## BRIEF
Print the line containing "One pair of shoes - One life, photography" and all lines after it, unchanged, through the end of the data. Leave the pictures out.

DATA: Begin

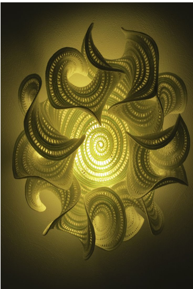
Hyperbolic Lamp Shade

There will be a maximum of four short worksheets (about every three weeks) available in the Math Center from opening Monday morning until closing Friday, and must be completed, checked and signed by a tutor, and turned in at the Math Center.
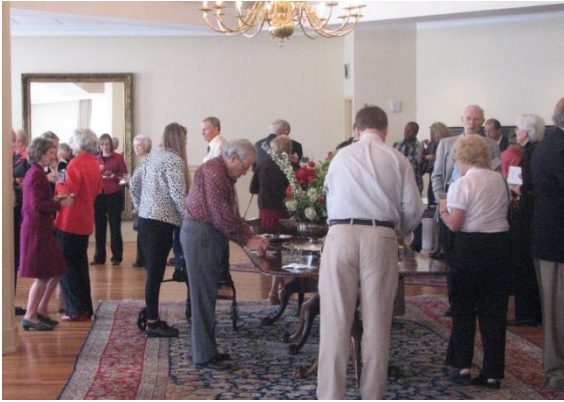
Members and Friends
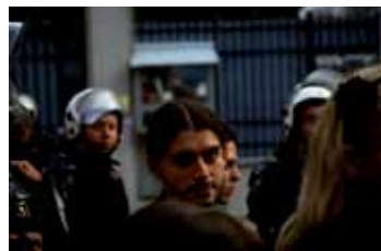
One pair of shoes - One life, photography
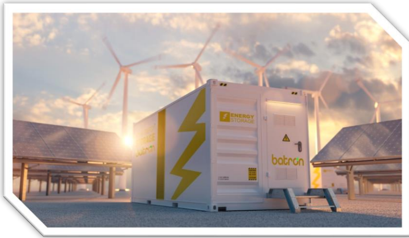
Future Storage System
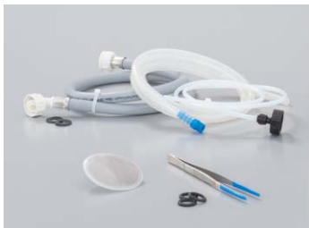
Tweezers · Sieve · Maintenance hose · Rinsing set · Tank cap

Further accessories and optional unit functions:

DATA: End

## COMPLETED EXERCISE
One pair of shoes - One life, photography
Future Storage System
Tweezers · Sieve · Maintenance hose · Rinsing set · Tank cap

Further accessories and optional unit functions:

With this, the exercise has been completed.